Functional MRI Can Be Highly Reliable,but It Depends on What You Measure: A Commentary on Elliott et al. (2020)

In a recent article, Elliott and colleagues (2020) evaluated the reliability of individual differences in task-based functional MRI (fMRI) activity and found reliability to be poor. They concluded that “commonly used task-fMRI measures generally do not have the test-retest reliability necessary for biomarker discovery or brain–behavior mapping” (p. 801). This is an important and timely effort, and we applaud it for spotlighting the need to evaluate the measurement properties of fMRI. Large samples combined with pattern-recognition techniques have made translational applications finally seem within reach. As the field gets serious about using the brain to predict behavior and health outcomes, reliability will become increasingly important.
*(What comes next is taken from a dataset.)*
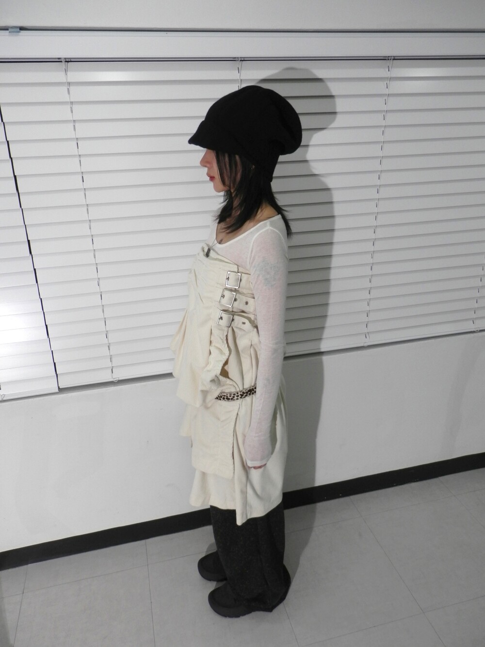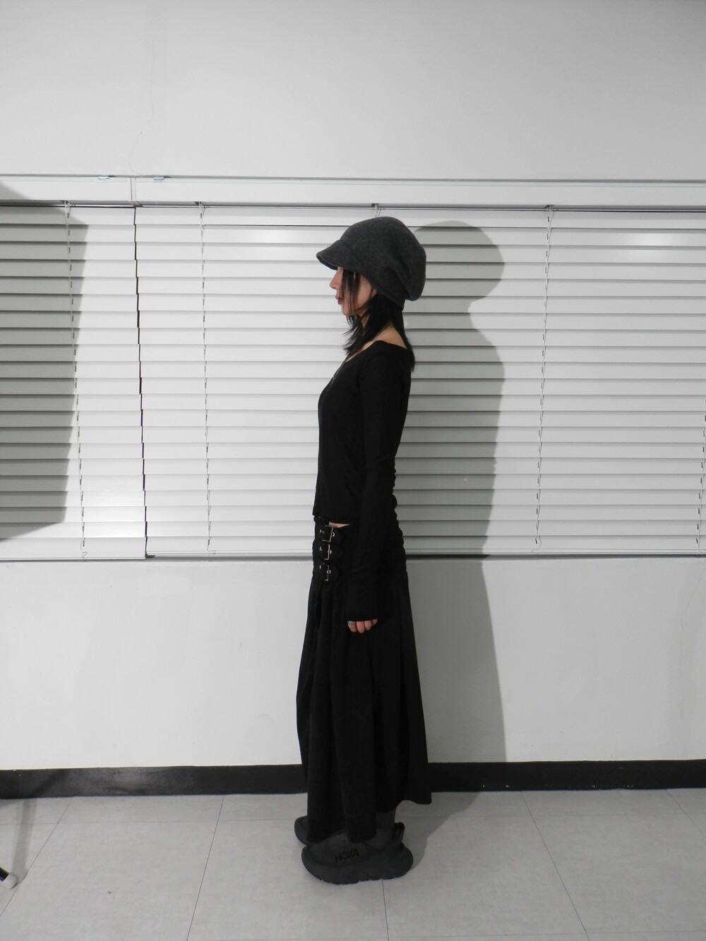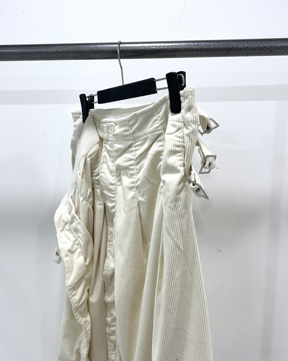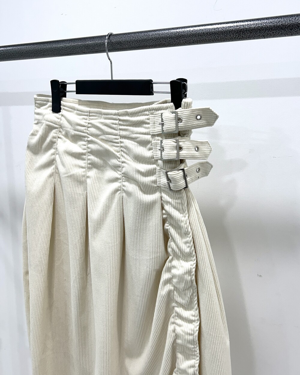 - 허리 옆면 3개의 벨트 디테일의 롱스커트.

However, along with their findings and constructive criticism comes the potential for overgeneralization. Though Elliott et al. focused on arguably the most limited fMRI measure for biomarker development—the average response within individual brain regions—the article has garnered media attention that mischaracterizes its conclusions. One headline reads, “every brain activity study you’ve ever read is wrong” (Cohen, 2020). The causes of anti-fMRI sentiments are not our concern here, but it is important to specify the boundary conditions of Elliott et al.’s critique. As they suggest and we show below, fMRI can exhibit high test-retest reliability when multivariate measures are used. These measures, however, were not evaluated by Elliot et al., despite being commonly used for biomarker discovery (Woo, Chang, et al., 2017). Thus, their conclusions do not apply to all “common task-fMRI measures” but to a particular subset that does not represent the state of the art. Moreover, there are multiple use cases for fMRI biomarkers (FDA-NIH Biomarker Working Group, 2016)—many of which do not require high test-retest reliability (cf. Elliott et al.; Fig. 1a).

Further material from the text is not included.